TRY IT
Restate the data word for word and leave the images out.

INFORMATION SUPPLIED

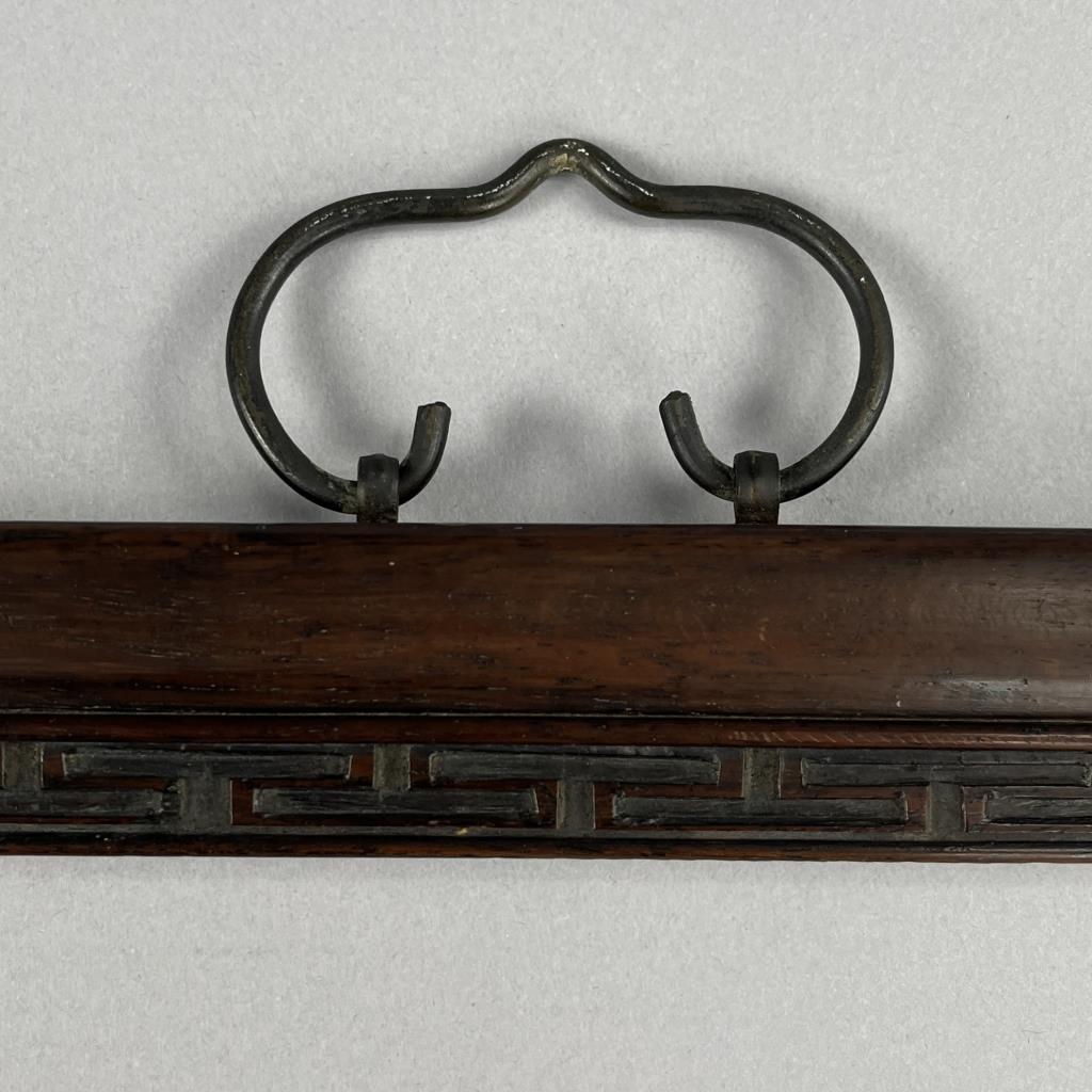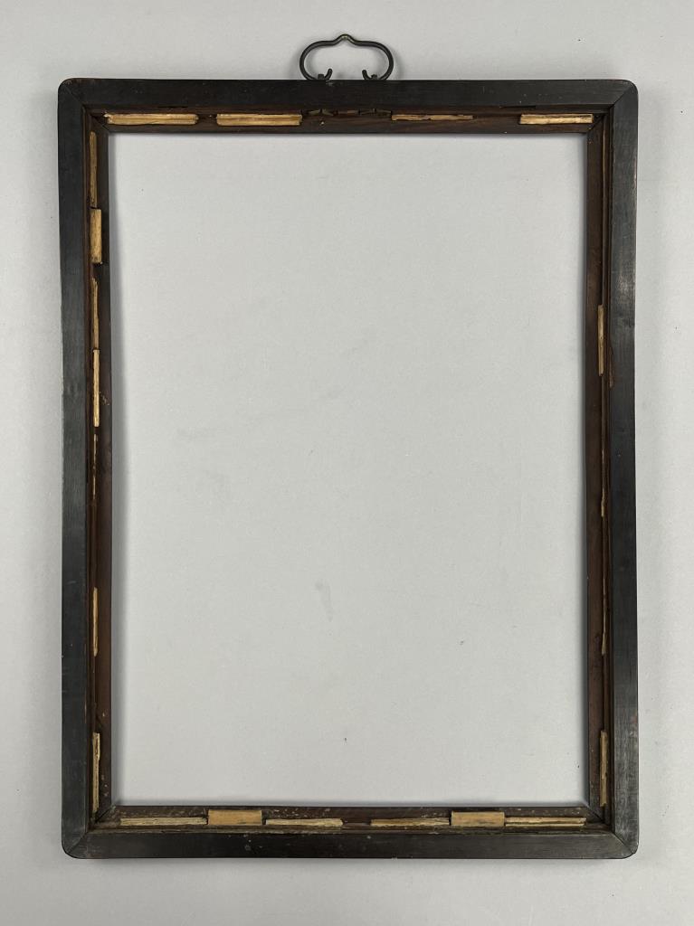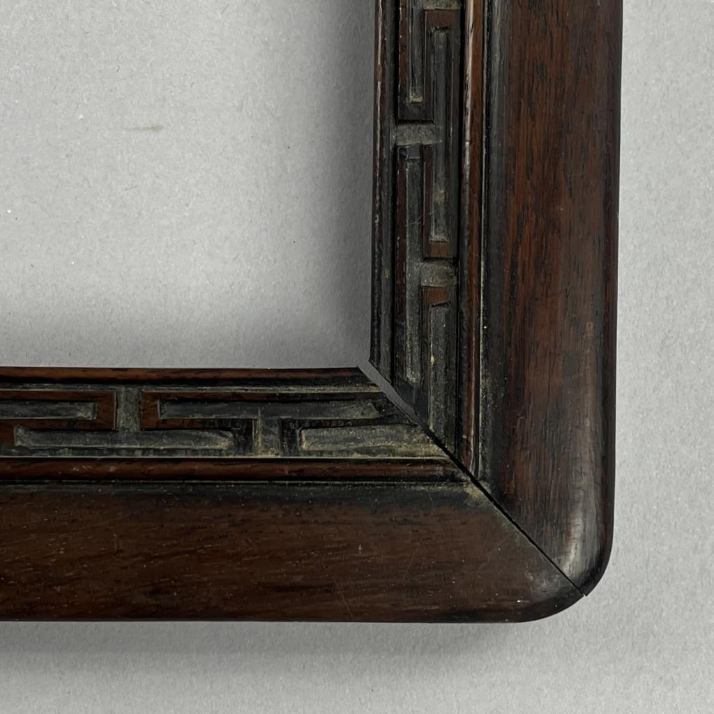 Chinese carved rosewood picture frame, either late Qing Dynasty or early Republic Era, with bronze bail style hanger, circa late 19th / early 20th Century, 26″ x 29-1/4″.
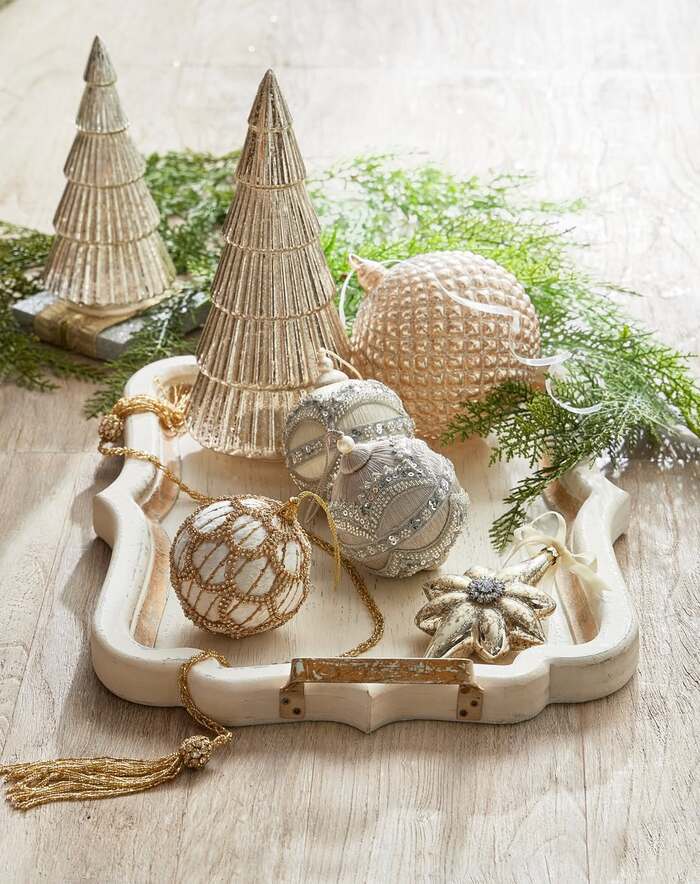 I like staging ornaments on a tray before they go on the tree. It feels intentional and it stops me from repeating the same bauble three times in a row. Pearl lattice balls, beaded globes, and a starburst look luxe but soft. Set them with two small tabletop trees on the tray and you’ve got a mini vignette for the coffee table while you work. It is also a sneaky way to limit your palette.
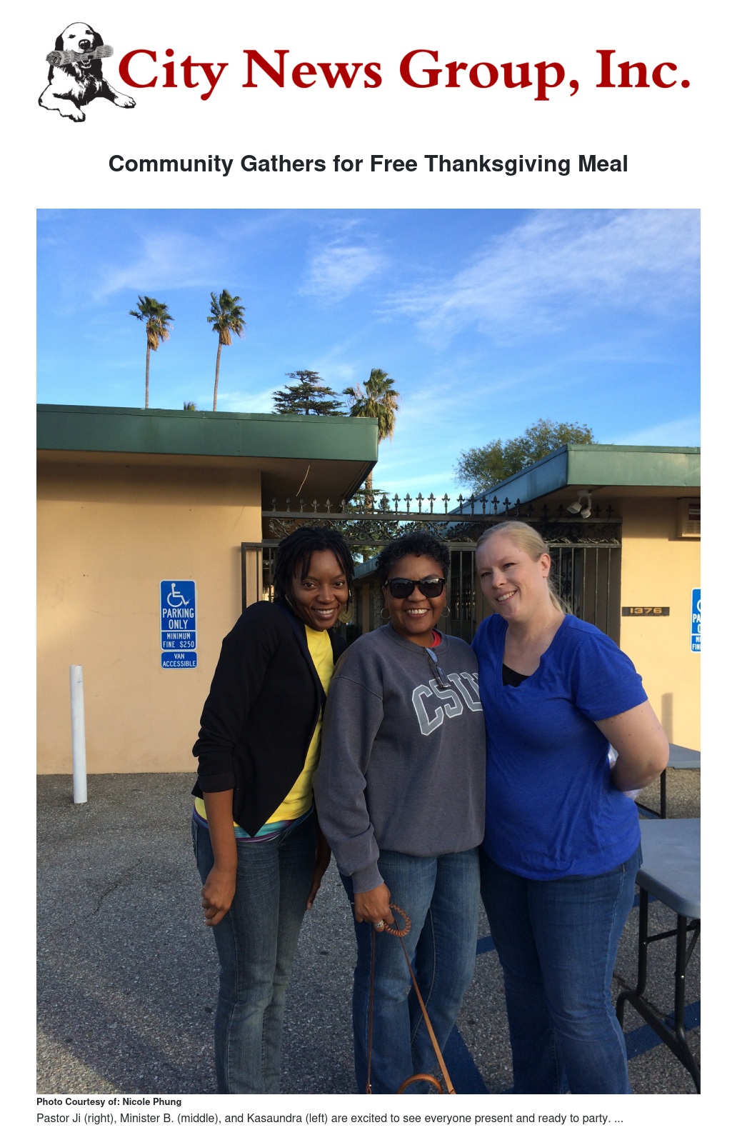 On Nov. 23, Dwelling Place in San Bernardino hosted a free Thanksgiving dinner for the community. The party began at 3 p.m. in Dwelling Place’s parking lot where families were welcomed with songs sung by a small group of teens and adults. As the performers sang, the children had an opportunity to play in the inflatable jumpers while parents enjoyed the music.

YOUR SOLUTION
 Chinese carved rosewood picture frame, either late Qing Dynasty or early Republic Era, with bronze bail style hanger, circa late 19th / early 20th Century, 26″ x 29-1/4″.
 I like staging ornaments on a tray before they go on the tree. It feels intentional and it stops me from repeating the same bauble three times in a row. Pearl lattice balls, beaded globes, and a starburst look luxe but soft. Set them with two small tabletop trees on the tray and you’ve got a mini vignette for the coffee table while you work. It is also a sneaky way to limit your palette.
 On Nov. 23, Dwelling Place in San Bernardino hosted a free Thanksgiving dinner for the community. The party began at 3 p.m. in Dwelling Place’s parking lot where families were welcomed with songs sung by a small group of teens and adults. As the performers sang, the children had an opportunity to play in the inflatable jumpers while parents enjoyed the music.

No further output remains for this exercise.